Yamaha Motor on Smartkarma

Independent analysts on Smartkarma have provided insightful coverage of Yamaha Motor. Travis Lundy‘s report, titled “Yamaha Motors (7272 JP) – Secondary Offering as Toyota Sells Down – Easy To Digest,” highlights the planned sell-down of 4.6% of Yamaha Motors by Toyota, Yamaha Corp, and MS&AD. The report emphasizes the company’s high dividend, low multiple, and easy placement due to its small size. The move is seen as freeing up Yamaha Motor to sell down cross-holdings, with the offering expected to be straightforward given the price, guidance, and dividend yield.

Another analyst, Sumeet Singh, in the report “Yamaha Motors Placement – A Relatively Small Cross-Shareholding Unwind,” discusses a group of shareholders aiming to raise approximately US$330m by selling about 3.6% of Yamaha Motor. The report notes that this sell-down is part of a cross-shareholding unwind and emphasizes the deal dynamics within the ECM framework. Despite recent underperformance, the planned sell-off is not deemed surprising, and the analysts seem to lean positively (bull) on Yamaha Motor‘s prospects in these offerings.


A look at Yamaha Motor Smart Scores

FactorScoreMagnitude
Value4
Dividend5
Growth3
Resilience2
Momentum3
OVERALL SMART SCORE3.4

Smart Score is a compound score for the Company indicating its overall outlook. It is derived by taking an equally weighted average of underlying Factor scores computed by Smartkarma

Yamaha Motor Co., Ltd., a renowned manufacturer of motorcycles and engines for major automotive companies, is currently positioned with a positive long-term outlook based on its Smartkarma Smart Scores. With a solid Value score of 4 and a top-notch Dividend score of 5, Yamaha Motor showcases strong financial health and a commitment to rewarding its investors. While the Growth score sits at a respectable 3, indicating moderate growth potential, the Resilience score of 2 suggests some susceptibility to market fluctuations. Momentum, rated at 3, points to a steady performance trend. Overall, Yamaha Motor‘s outlook appears promising, particularly in terms of value and dividends.

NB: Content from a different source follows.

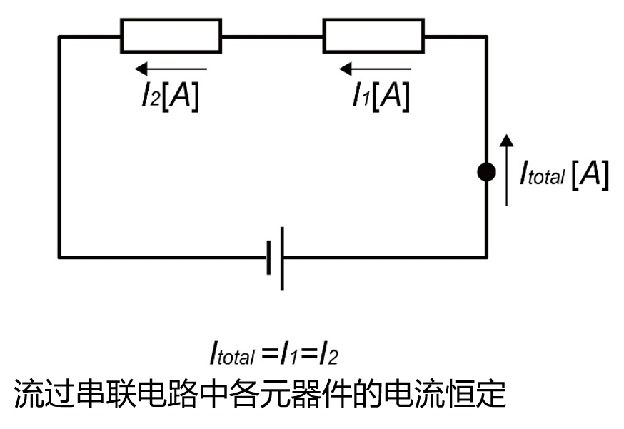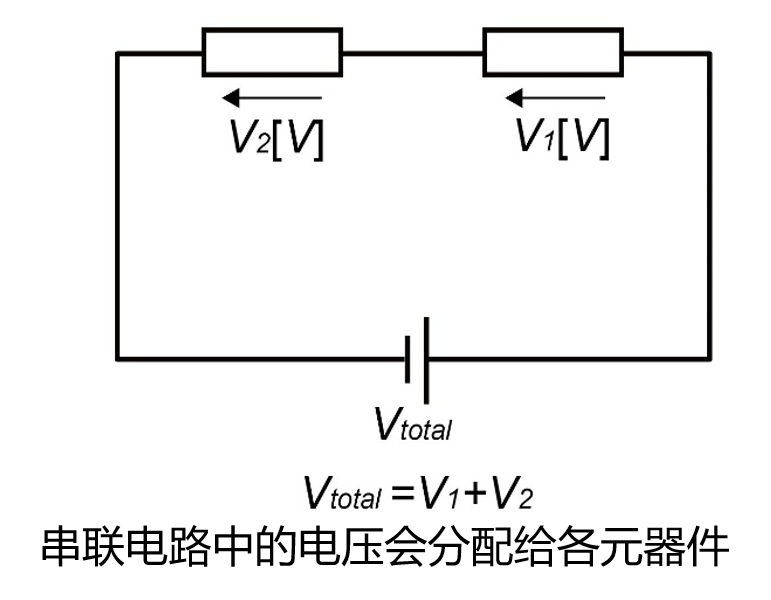 \(I_{total}=I_1=I_2=I_3=・・・\) - 电压(\(V\))分为各元器件的电压,总电压为电源电压(\(E\))。各元器件的电压分配与其电阻值成正比。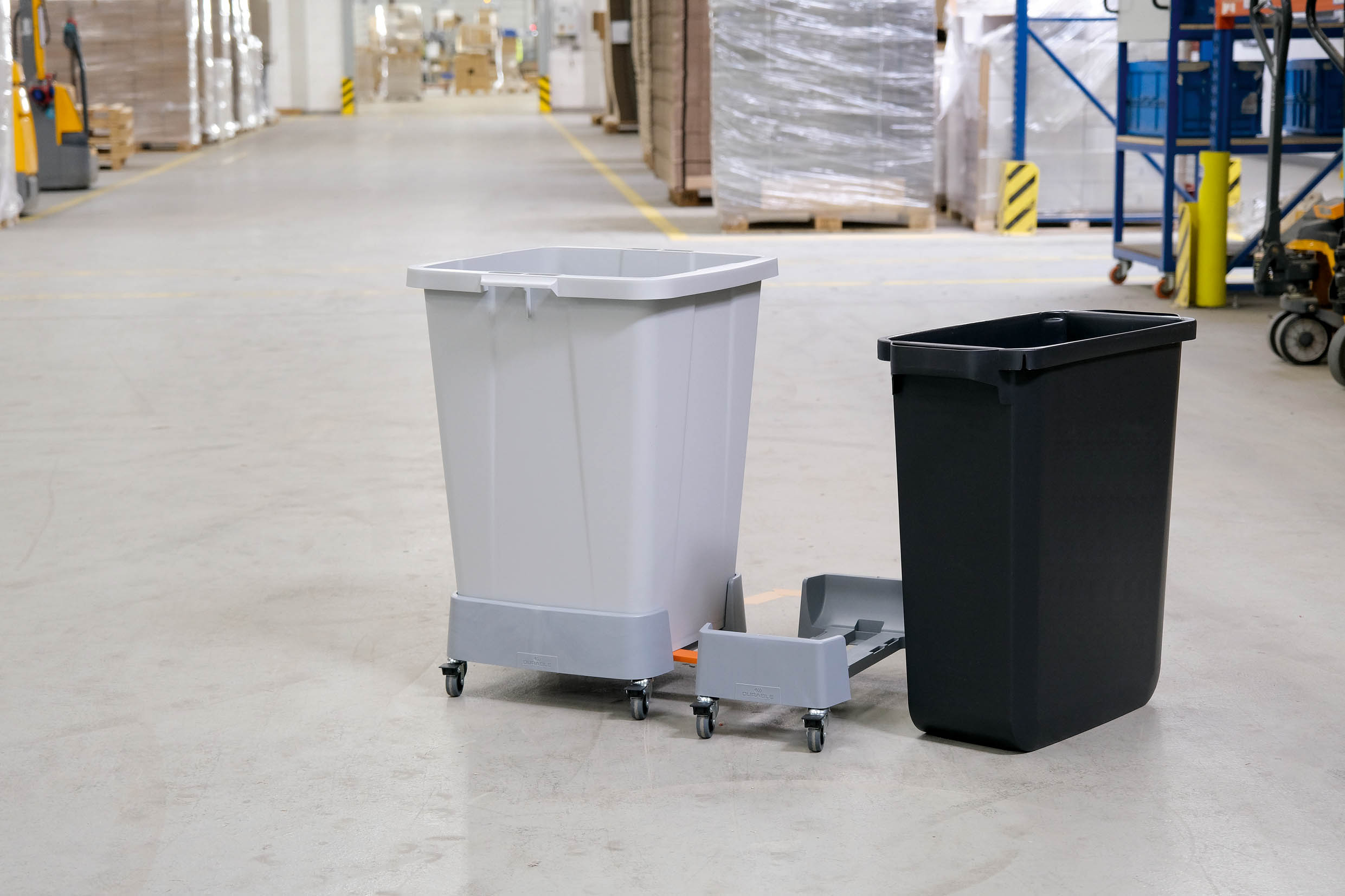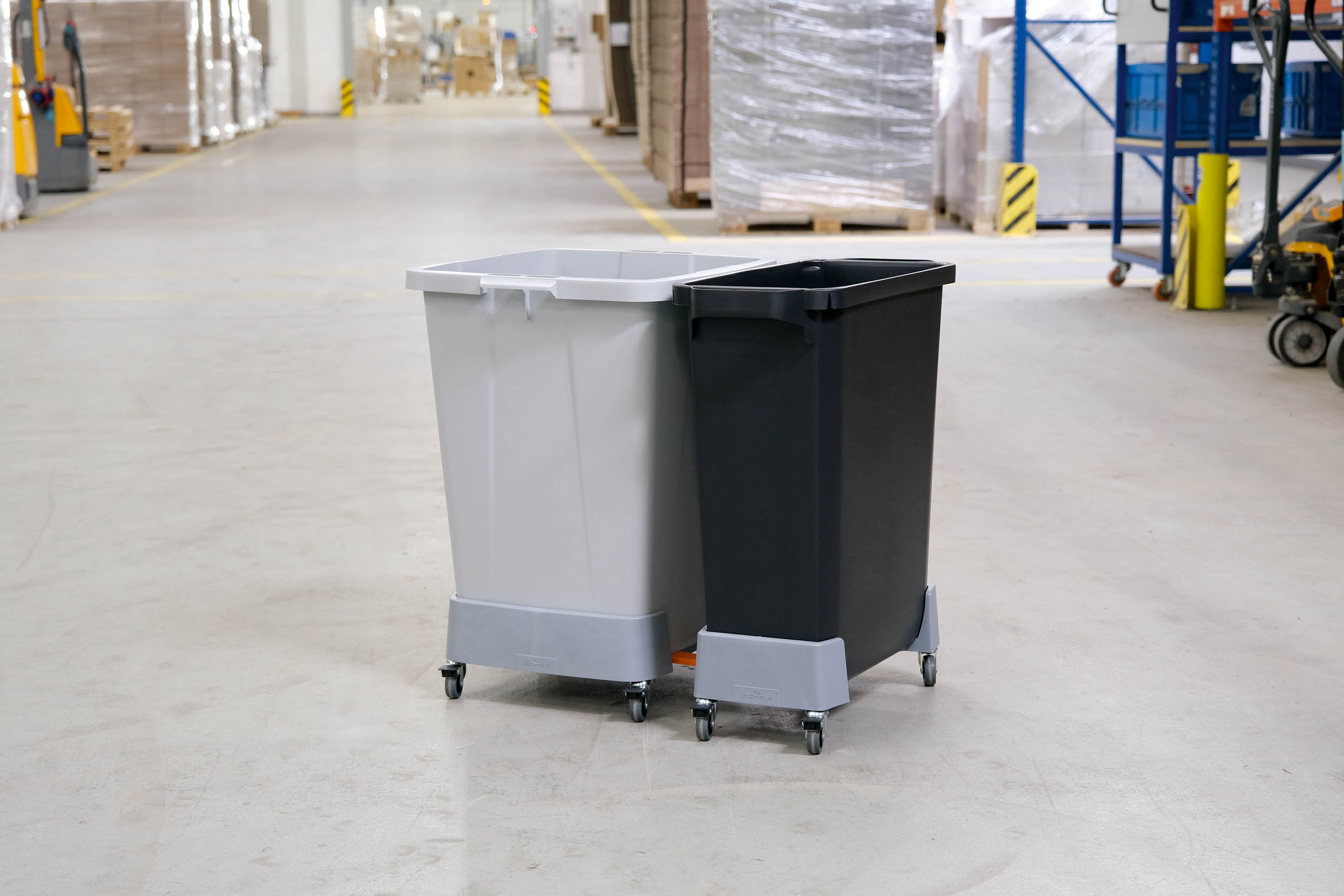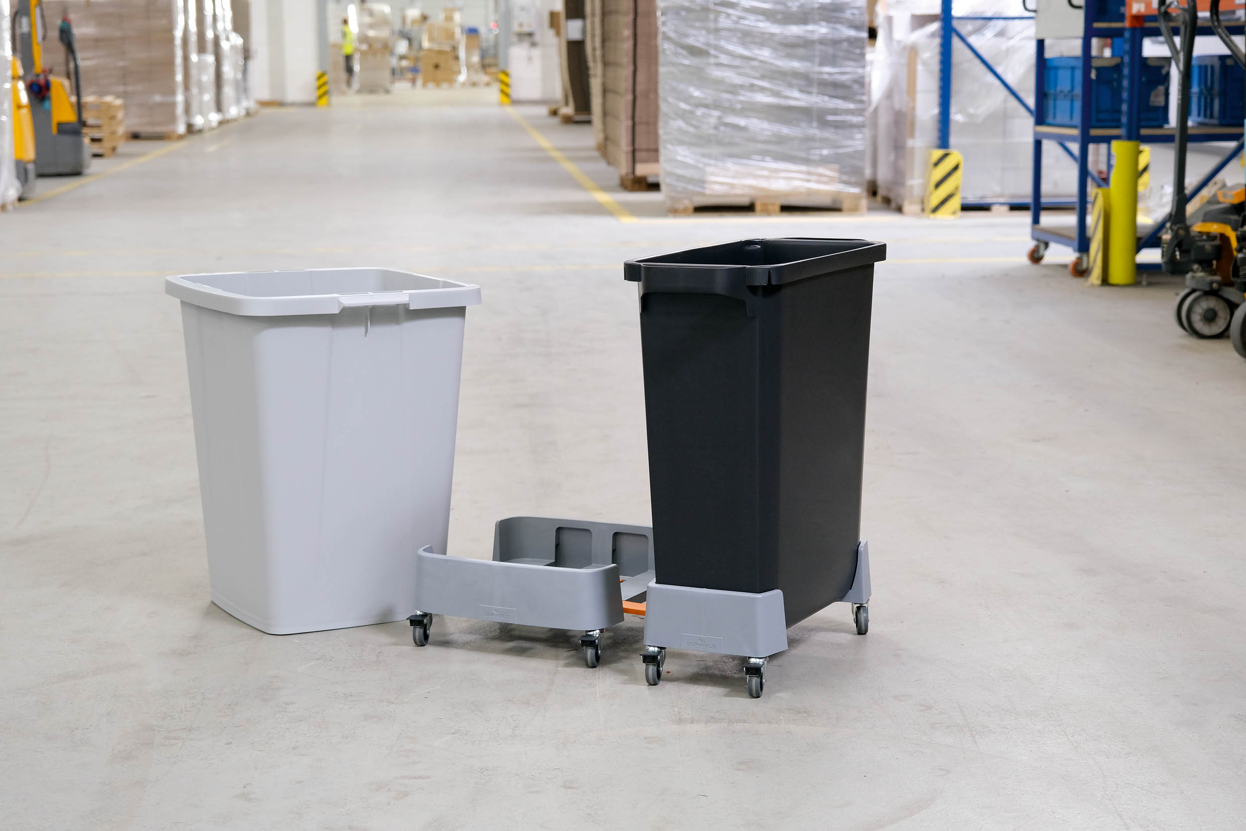 Transportplattan , vagnen , rullbrädan , trallan Durabin 90 rPP gör det lätt att flytta en fylld Durabin 60 liters soptunna på ett smidigt sätt. Det kan t ex vara råmaterial, material som ska återvinnas eller matavfall som ska samlas ihop på annan plats. För inomhus- och skyddad utomhusanvändning på plana ytor i lagerlokaler, produktionsområden, matsalar etc. Upp till 4 rullplattor - för både 60 och 90 liters tunnor, kan kopplas ihop med hjälp av de medföljande och integrerade kopplingarna.

Yamaha Motor‘s diverse product portfolio, including motor boats, snowmobiles, golf carts, and electric power generators, caters to a global market extending across Japan, North America, Europe, Asia, and South America. The company’s strategic focus on delivering value to investors through dividends, coupled with its established presence in various geographical regions, positions Yamaha Motor favorably for long-term growth and stability in the competitive automotive industry.


Disclaimer: This article by Smartkarma is general in nature and based on historical data and analyst forecasts only using an unbiased methodology and our articles are not intended to be financial advice. It does not constitute a recommendation to buy or sell any stock, and does not take account of your objectives, or your financial situation. Note that our articles may not factor in the latest price-sensitive company announcements or qualitative material.
While all reasonable care has been taken in the preparation, Smartkarma makes no assurance about the accuracy of any generated data or content. All content is indicative only and should be independently checked for accuracy and confirmed before use. Smartkarma accepts no responsibility for any loss or damage caused as a result of any inaccuracy or error within the Lab online tools or generated data.